→ **Data segment**

--------

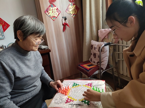 活动中,同学们与老人们聊家常,帮老人捏肩和打扫卫生,陪老人下棋,房间里不断传出阵阵的笑声,活动现场气氛融洽。
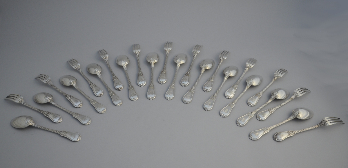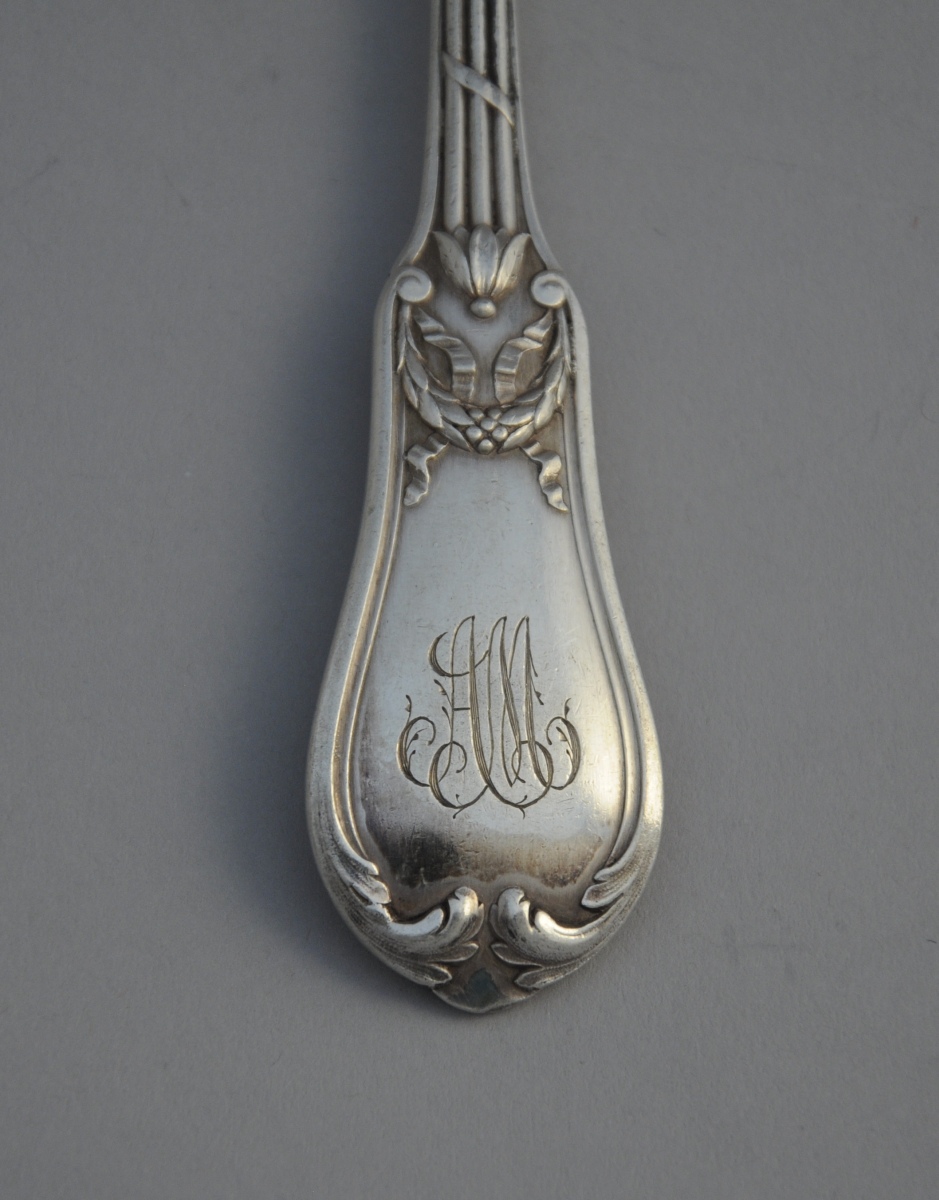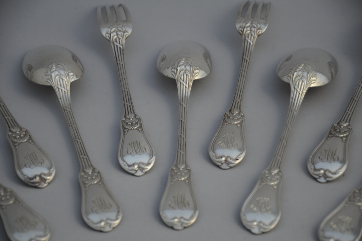 12 COUVERTS en argent, modèle filet-contour. Spatule de forme violonnée et ornée feuilles d'acanthe stylisées, tores de lauriers et joncs rubannés. Monogrammés "A.M.".
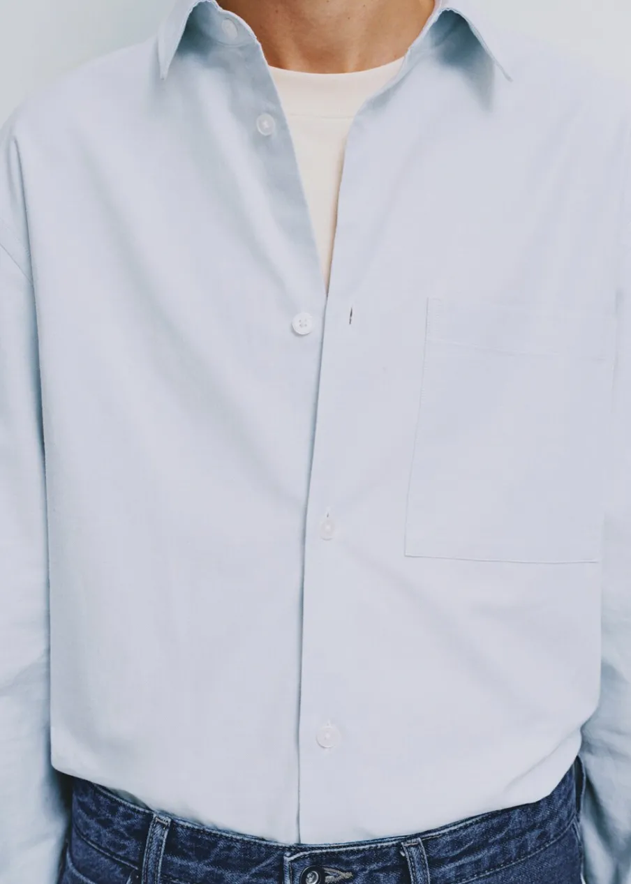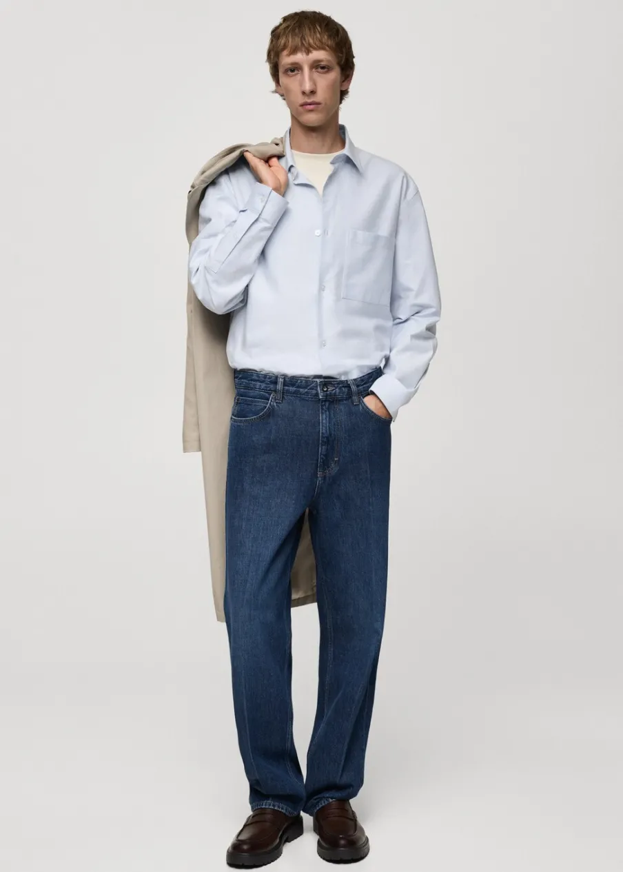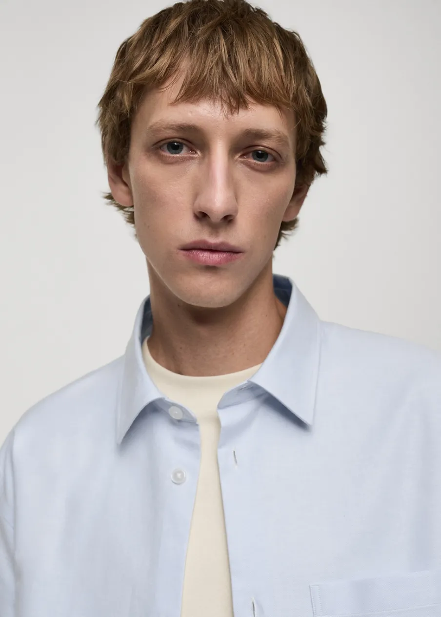 Bawełniana tkanina Oxford. Klasyczny kołnierzyk na guziki. Długi rękaw z guzikami na mankietach. Nakładana kieszeń przednia. Zapięcie na guziki. Model ma 190 cm wzrostu i nosi rozmiar M. Relaxed fit. Zaokrąglony dół.
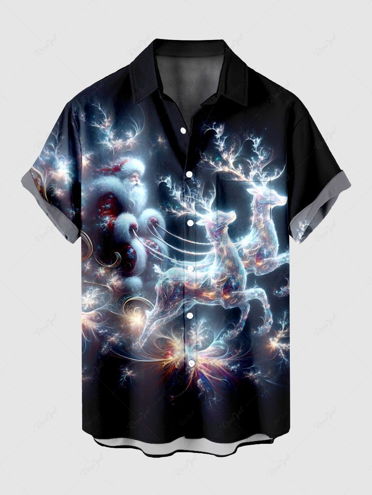 Plus Size Christmas Elk Santa Claus Glitter Galaxy Print Buttons Pocket Shirt For Men - Xl

--------

In the copy you write, the data above must appear exactly, with no pictures.

→ **Task result**
 活动中,同学们与老人们聊家常,帮老人捏肩和打扫卫生,陪老人下棋,房间里不断传出阵阵的笑声,活动现场气氛融洽。
 12 COUVERTS en argent, modèle filet-contour. Spatule de forme violonnée et ornée feuilles d'acanthe stylisées, tores de lauriers et joncs rubannés. Monogrammés "A.M.".
 Bawełniana tkanina Oxford. Klasyczny kołnierzyk na guziki. Długi rękaw z guzikami na mankietach. Nakładana kieszeń przednia. Zapięcie na guziki. Model ma 190 cm wzrostu i nosi rozmiar M. Relaxed fit. Zaokrąglony dół.
 Plus Size Christmas Elk Santa Claus Glitter Galaxy Print Buttons Pocket Shirt For Men - Xl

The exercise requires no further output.